Search code examples
airflowgoogle-cloud-composer

how to pass default values for run time input variable in airflow for scheduled execution


I come across one issue while running DAG in airflow. my code is working in two scenarios where is failing for one. below are my scenarios,

  1. Manual trigger with input - Running Fine
  2. Manual trigger without input - Running Fine
  3. Scheduled Run - Failing

Below is my code:

def decide_the_flow(**kwargs):
    cleanup=kwargs['dag_run'].conf.get('cleanup','N')
    print("IP is :",cleanup)
    return cleanup

I am getting below error,

    cleanup=kwargs['dag_run'].conf.get('cleanup','N')
AttributeError: 'NoneType' object has no attribute 'get'

I tried to define default variables like,

default_dag_args = {
    'start_date':days_ago(0),
    'params': {
        "cleanup": "N"
    },
    'retries': 0
}

but it wont work. I am using BranchPythonOperator to call this function. Scheduling : enter image description here Can anyone please guide me here. what I am missing ?

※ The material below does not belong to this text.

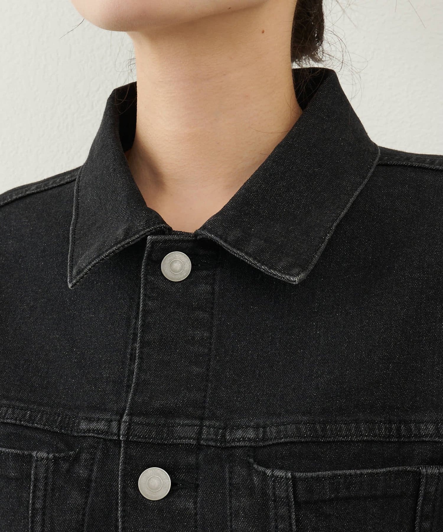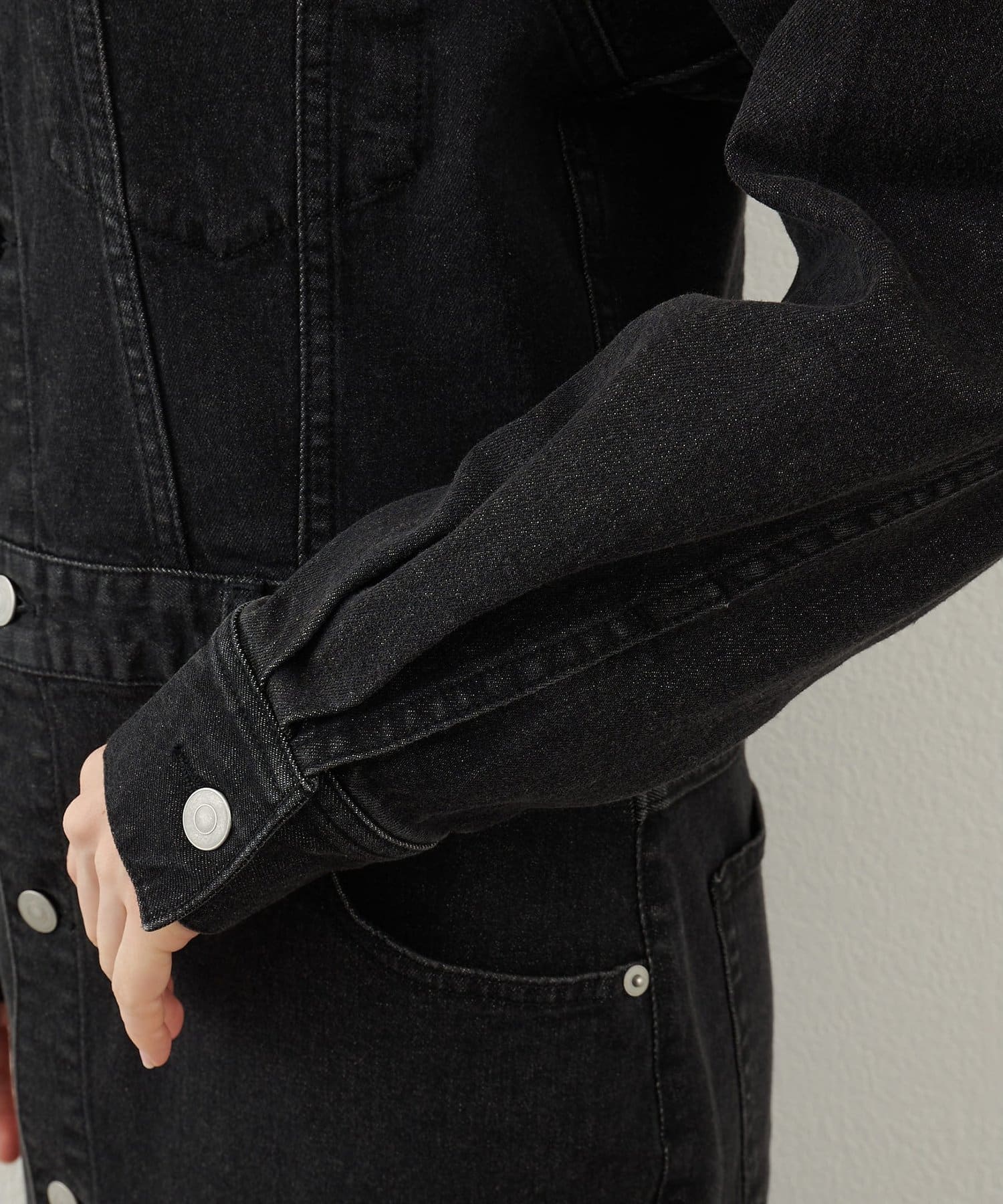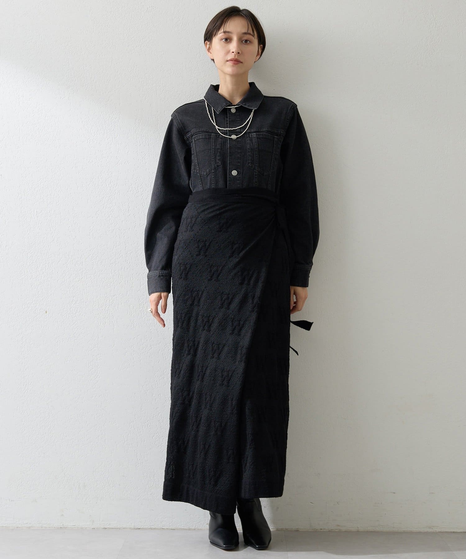 ■加工によりシボ感が出る、90‘Sのデニムのような落ち方と雰囲気のあるデニム生地がこなれたムードをプラス。

For workaround i am using below code,

try:
    cleanup=kwargs['dag_run'].conf.get('cleanup','N')
except:
    cleanup="N"

Solution

  • You can access the parameters from the context dict params, because airflow defines the default values on this dict after copying the dict dag_run.conf and checking if there is something missing:

    from datetime import datetime
    
    from airflow import DAG
    from airflow.operators.empty import EmptyOperator
    from airflow.operators.python import BranchPythonOperator
    
    
    def decide_the_flow(**kwargs):
        cleanup = kwargs['params']["cleanup"]
        print(f"IP is : {cleanup}")
        return cleanup
    
    
    with DAG(
        dag_id='airflow_params',
        start_date=datetime(2022, 8, 25),
        schedule_interval="* * * * *",
        params={
            "cleanup": "N",
        },
        catchup=False
    ) as dag:
        branch_task = BranchPythonOperator(
            task_id='test_param',
            python_callable=decide_the_flow
        )
        task_n = EmptyOperator(task_id="N")
        task_m = EmptyOperator(task_id="M")
    
        branch_task >> [task_n, task_m]
    

    I just tested it in scheduled and manual (with and without conf) runs, it works fine.